Many Thanks.
* How many rows are generated by the subquery? (If a lot, then need to focus on it.) Yes your correct i have redone my query based on just using the subquery.
* (minor) INT -> SMALLINT UNSIGNED -- In many cases you don't need a 4-byte, +/- 2 billion range value, you could use a 2-byte, 0..64K value. I can sqap these however i am querying a live server so cannot make changes to this as of yet. Hopefully this wont cause too much of an issue.
* NOT NULL -- good. (Some fields are NULLable; perhaps an oversight?) Just in the siterates table yes, thats what happens when you have other developers working on things for you :(
* Need to see the current version of the SELECT. (Did you switch to IN? Which LEFTs are gone?) Yes, this is the subquery only, not sure if you wanted code round this too.
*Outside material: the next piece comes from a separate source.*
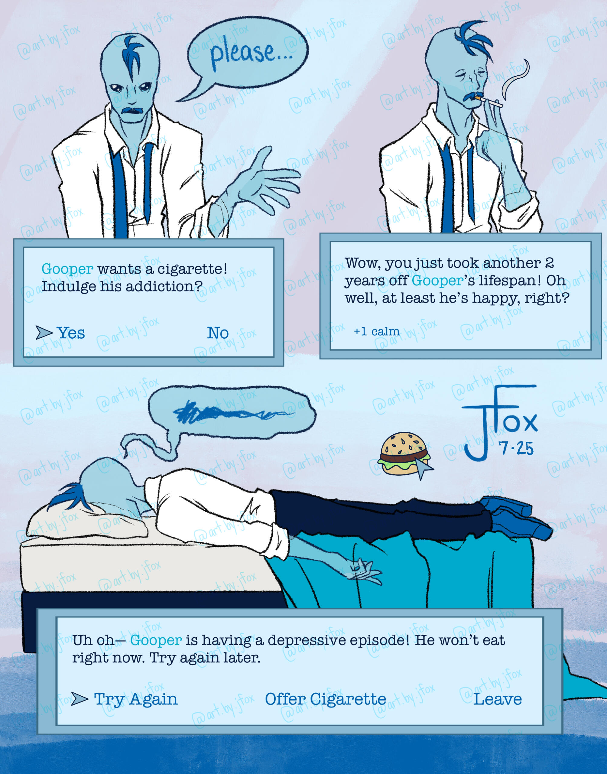This contract applies to Jaden Fox, further called Artist, and the person or institution purchasing a work of art from them, further called Customer. By ordering a commission, the Customer agrees to the following terms and conditions:

EXPLAIN SELECT SQL_NO_CACHE SUM(d.`DataVal`)/1 AS Total, g.GroupID, g.`GroupName`, g.`GroupDescription`, `d`.`EntryDate` AS `Date`,
SUM(IFNULL(`sr`.Rate, 0) * (d.DataVal/1)) AS `Rate`, SUM(IFNULL(`sr`.Rate, 0) * (d.DataVal/1)) AS `TotalCost`
FROM master.`channelgroup` cg JOIN master.`groups` g ON cg.`GroupID` = g.`GroupID` JOIN `data` d
ON cg.ChannelID = d.`ChannelID` LEFT OUTER JOIN `master`.`siterates` `sr` ON `d`.`SiteRateID` = `sr`.`SiteRateID`
WHERE (g.`GroupID` IN (157,78,87,79,91,81)) AND ((d.EntryDate BETWEEN '2013-01-01 00:00:00' AND '2013-02-15 23:59:59'))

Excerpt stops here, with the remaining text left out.